It's no secret the rise of Uber and Lyft is devastating taxi drivers. As they see their riders disappear, San Francisco cabbies are looking at taxi medallions that used to be worth tens of thousands of dollars and are now worthless.
The city is considering a plan to help them out, but there is not much optimism it will actually work.
Beraki Ghebremicael is one of the taxi drivers lamenting a hard truth: he's lost out on a retirement ticket. He has been a cab driver for 25 years and said his taxi medallion is now worth nothing.
But for some drivers who shelled out $250,000, Ghebremicael said it is worse.
"Those guys paid $250,000 for a medallion -- you could buy a house," he said. "They could probably buy a house, but they mortgaged their house to buy a medallion."
Veena Dubal, a UC Hastings law professor, said many of the drivers thinking this was their American dream are all of a sudden in a situation where their medallions are almost worthless -- it not completely worthless.
Dubal has been studying the medallion issue for years, hoping to get help the largely immigrant families affected. She is not sure the city's proposed plan to give purchased medallion holders "exclusivity" at San Francisco International Airport will be the rising tide that lifts all other drivers.
"If you're not allowed to play the airport market, you're not making any money. There's no money. There's no fares in the city for taxi drivers," Dubal said.
Kate Toran, a taxi services director for the San Francisco Municipal Transportation Agency, said the airport plan will help steer value and market forces back to purchased medallion holders.
"We take our role very seriously," Toran said. "So when we put together these recommendations, we have thoroughly vetted them."

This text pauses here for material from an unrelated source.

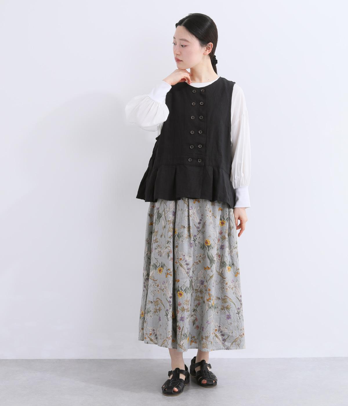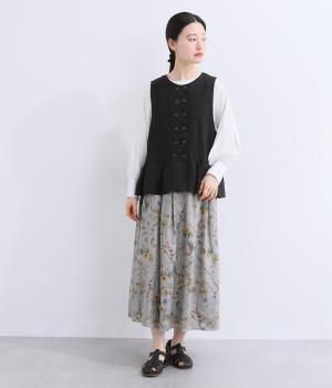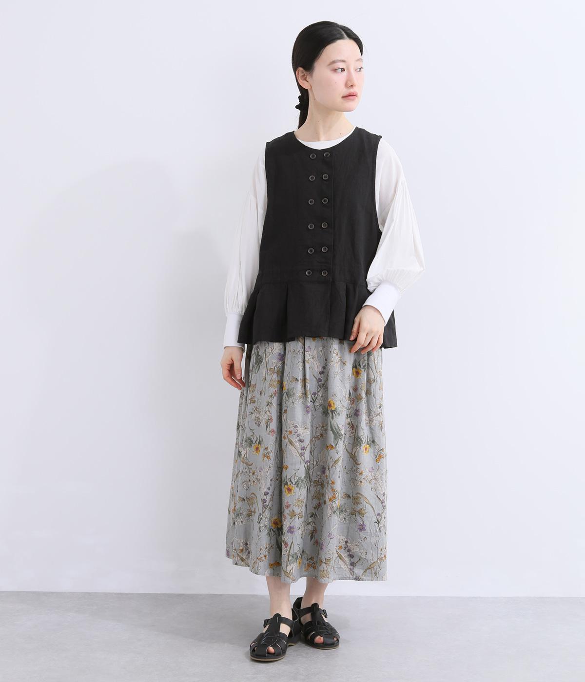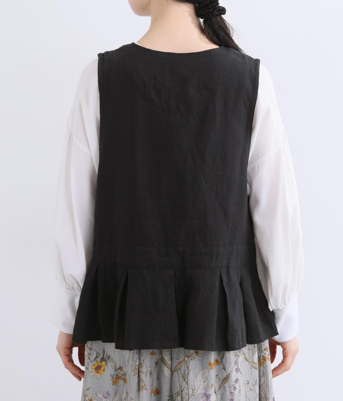 ダブルボタンがクラシカルな雰囲気をまとうベストです。裾のフレアが装いに華やかさを添えます。ナチュラルな素材感で、Tシャツにもブラウスにもなじみ、カジュアルにもきれいめにも着まわしできるアイテムです。

When asked why not just buy up the debt and help the affected families out, Toran responded: "Well, these are really hard policy decisions and the $161 million, by my count, it's about a quarter of the [entire] transit budget -- and that would impact millions of transit riders."
The $161 million comes out to an average of $180,000 of debt per drivers. The city said it cannot just eat that with other services to balance.